Australian Prime Minister John Howard was more blunt.
“We took action to limit the availability of guns and we showed a national resolve that the gun culture that is such a negative in the United States would never become a negative in our country,” Howard said.
Well-intended though they may be, the comments of McNulty and Howard would seem to imply that the British and Australians are safer in their respective homelands than Americans are in their’s because of strict gun control.
And that implication would be flat wrong.
Howard was newly elected as prime minister Down Under when a shooter went on a rampage in Port Arthur in 1996, killing 35 with a pair of semi-automatic weapons. Howard pushed through a sweeping change in the nation’s gun policies, with stricter regulation of firearm ownership and a massive firearms buyback program that cost the government hundreds of millions of dollars.
The result? In the year following the new gun laws, violent crime rates in Australia increased across the board, prompting criticism from the American-based National Rifle Association and others.
Today, Australia’s new gun control is a decade old (another tightening of gun control, aimed at handguns, was passed in Australia in 2002). While homicides in the nation have dropped in the past three years and are now lower than they were in 1996 — 295 in 2005 as opposed to 354 in 1996, a drop of 17% — other types of violent crime have all risen, some substantially.
In 1996, there were 114,156 cases of assault in Australia. In 2005, there were 166,499, an increase of 32%. In 1996, there were 14,542 cases of sexual assault in Australia. In 2005, there were 18,172, an increase of 20%. In 1996, there were 16,372 cases of robbery. In 2005, there were 16,787, an increase of 3%. In 1996, there were 478 cases of kidnapping. In 2005, there were 730, an increase of 35%.
While the percentages of these crimes involving firearms have generally declined, the crime rates themselves have risen, indicating that strict gun control has not made Australians safer from crime. At the same time Australia’s crime rates have increased, the same crime rates in America have decreased. And, according to the U.S. Justice Department, the violent crime rate in America is lower than the violent crime rate in Australia.
In 1997, the British instated a handgun ban across England and Wales. What had been already strict gun control in Great Britain became what some have referred to as the strictest gun control in the world.
Within two years of that ‘97 gun ban, gun-related crimes had soared 40% in Great Britain.
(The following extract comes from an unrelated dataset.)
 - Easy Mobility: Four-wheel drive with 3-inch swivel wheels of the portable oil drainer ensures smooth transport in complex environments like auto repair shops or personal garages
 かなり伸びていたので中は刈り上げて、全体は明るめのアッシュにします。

The British crime rate had surpassed the American crime rate in all areas except homicide and rape. In another two years, violent crime in the nation had more than doubled. The British Broadcasting Corporation (BBC) concluded that the gun ban “seems to have had little effect on the criminal underworld.”
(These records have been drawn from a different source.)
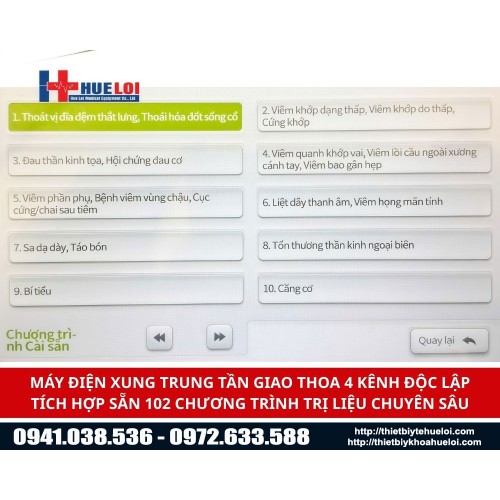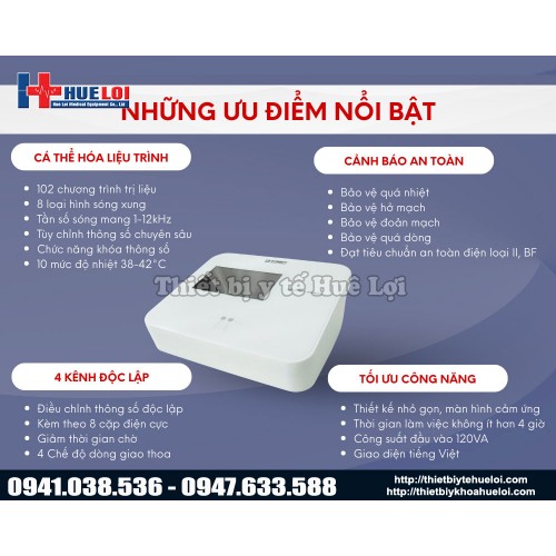 Giải pháp điện trị liệu tần số trung với nhiều thiết lập cảnh báo an toàn.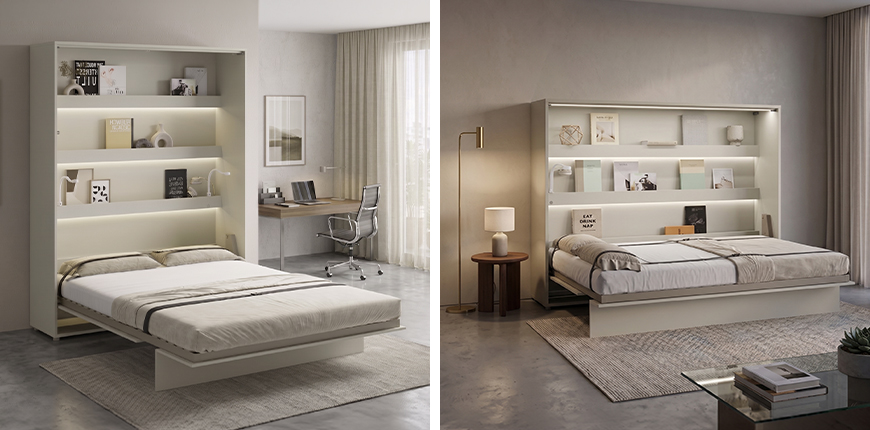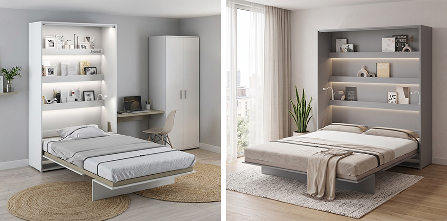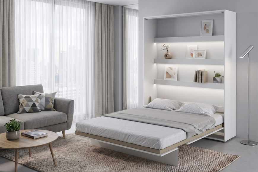 Šie modeliai pritaikyti standartiniams 140 x 200 cm arba 160 x 200 cm čiužiniams, tad miego kokybė niekuo nenusileidžia įprastai lovai. Tai puikus būdas studijos tipo butą akimirksniu paversti miegamuoju: dieną čia galite vakarieniauti su draugais, o vakare, vos vienu judesiu, sukurti pilnavertę poilsio zoną. Svarbiausia, kad lova su visa patalyne saugiai pasislepia spintoje, taip išlaikant kambario tvarką ir higieną.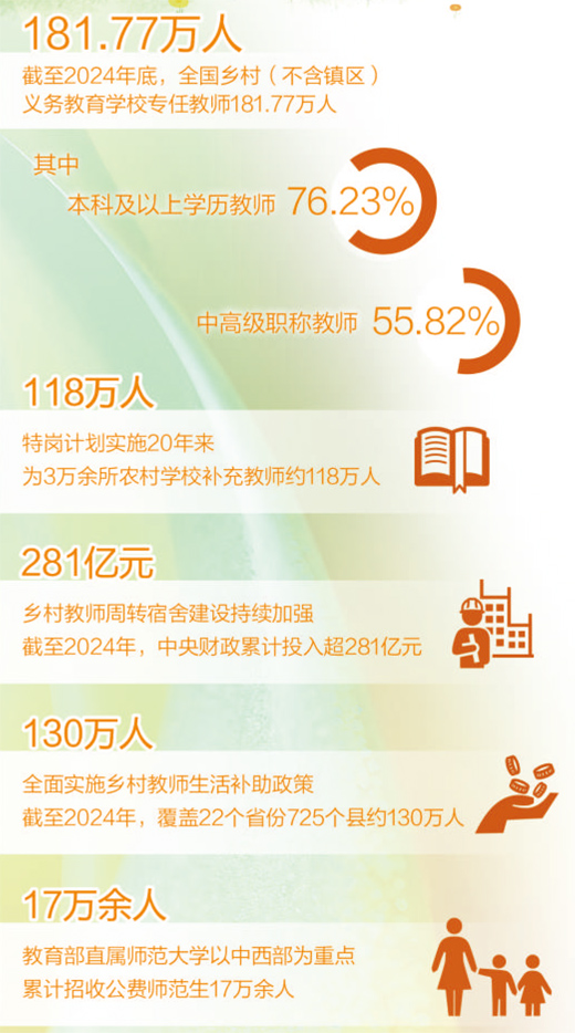 這是真金白銀的投入。2024年,特崗教師工資性補助再次提標,每人每年增加3600元;鄉(xiāng)村教師生活補助政策深入實施,受益教師約130萬人,人均月補助金額約400元;鄉(xiāng)村教師周轉宿舍建設持續(xù)加強,中央財政累計投入超281億元,建設約63.7萬套。
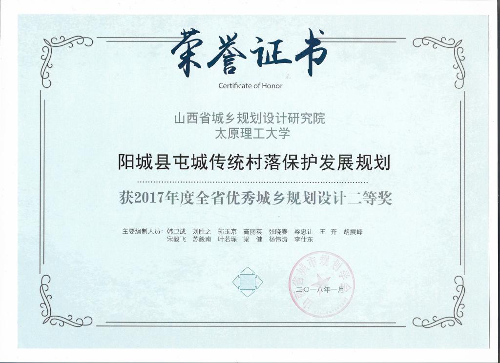 参与项目:阳城县屯城传统村落保护发展规划——获得山西省优秀城乡规划设计二等奖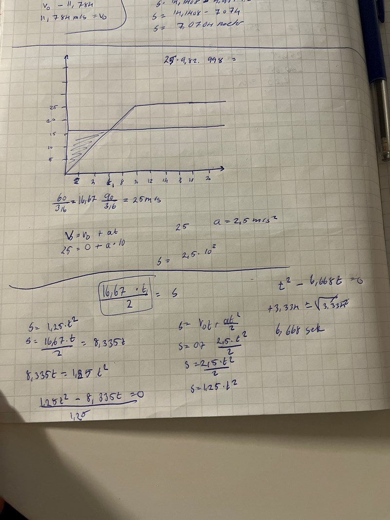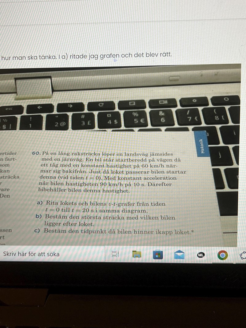 Uppgiften kan man lösa om man delar upp bilens rörelse i två delar, dess rörelse när den accelererar och dess rörelse när den når konstant hastighet. Vid t=0 befinner sig både loket och bilen vid sträcka 0 och vi ska beräkna den t efter t=0 då loket och bilen befinner sig på samma plan igen, alltså när de befinner sig på samma avstånd från startpunkten.
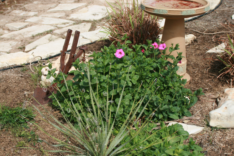 These pink Laura Bush petunias are lovely. They are more on the pink side than the more common purple variety, and their foliage is bigger and a much deeper green as well. I sowed these seeds almost a year ago, and they did not germinate until December. What a pleasant surprise it was when they finally came up. They should now reseed themselves every year.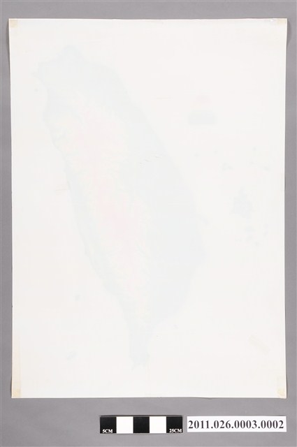 1. 本物件為以臺灣地形圖之二為主題之地圖膠片,其正面為高程分層設色圖之臺灣地形圖,繪製區域包含嘉南平原、蘭陽平原、雪山山脈、大肚台地、八卦台地、中央山脈、阿里山山脈、玉山山脈、花東縱谷及海岸山脈等地形,並以綠色、黃色、咖啡色之漸層標示地勢不同,島嶼圖型之左方有以紅色、咖啡色、橘色、黃色、綠色堆疊漸層的山形圖樣,應為表示地勢高低不同之圖例。2. 此圖總編輯吳信政教授為師大地理系退休教授,在地理學界與地圖學界有極高學術地位。吳教授製圖大多採用渲染法,透過渲染繪製而成的地圖,可以讓地形高度更清楚也更容易閱讀。過往國中地理課本中的地圖,大多出於吳信政教授之手,再加上分層設色圖,讓色彩的配合使地圖具有一定的立體感,彌補了等高線表示法的不足。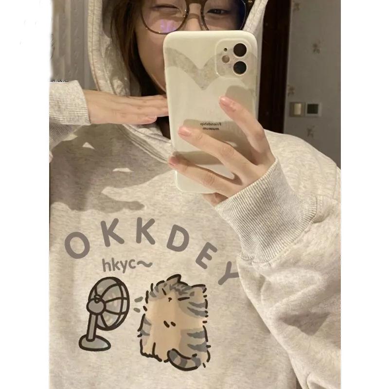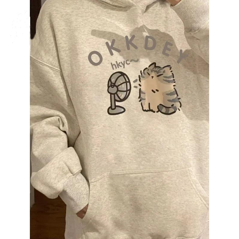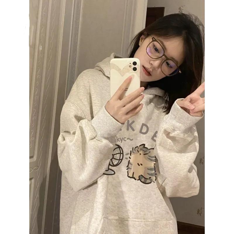 Sudadera para Mujer Top Americano Oversize con Capucha Otoño e Invierno Blanco Gris Estilo Relajado Suelto Pareja Ropa Exterior
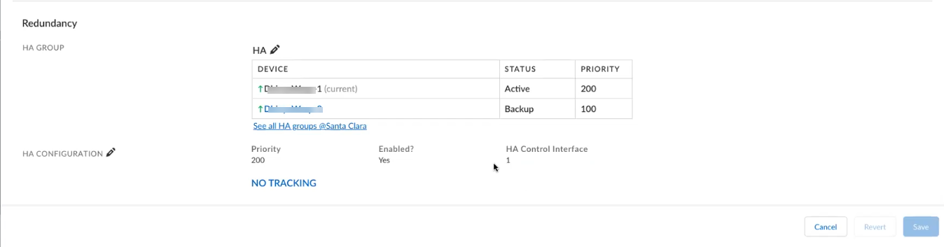 To make the device level configuration, on the Basic Info tab, on Redundancy, create HA groups, and then assign and configure HA.The Redundancy section displays the details of the devices in the HA group, including the status of the devices and the priorities set for the devices.Add HA Configuration.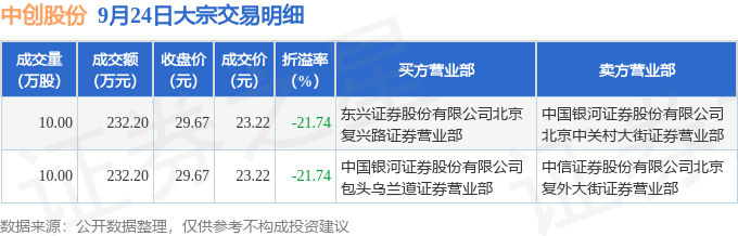 证券之星消息,9月24日中创股份发生大宗交易,交易数据如下:

In 2001, CBS Evening News anchor Dan Rather quipped that the British have a “bigger crime problem” than America, leading to outrage across the pond. But the British newspaper The Mirror ultimately conceded that Rather was right: British crime rates were higher than American crime rates.
By 2002, British Home Secretary David Blunkett was pleading with then-New York City Mayor Rudy Giuliani, credited with significantly reducing crime in the Big Apple, to help the British tackle their growing crime problem. The U.S. Justice Department concluded at that time that the British were twice as likely to be victims of violent crime than Americans. The British newspaper The Observer took it a step further, saying that British citizens were six times more likely to be robbed or assaulted on London’s streets than American citizens were to be on New York City’s streets.
Whether America needs tighter gun control laws is something that can be debated in the weeks and months to come. And it almost surely will be. But, clearly, the debate should be left to America’s lawmakers, and not British or Australian lawmakers. The statistics bear out that we’re not the only industrialized nation with a violent crime problem. And at least our violent crime rates are generally decreasing, instead of generally increasing.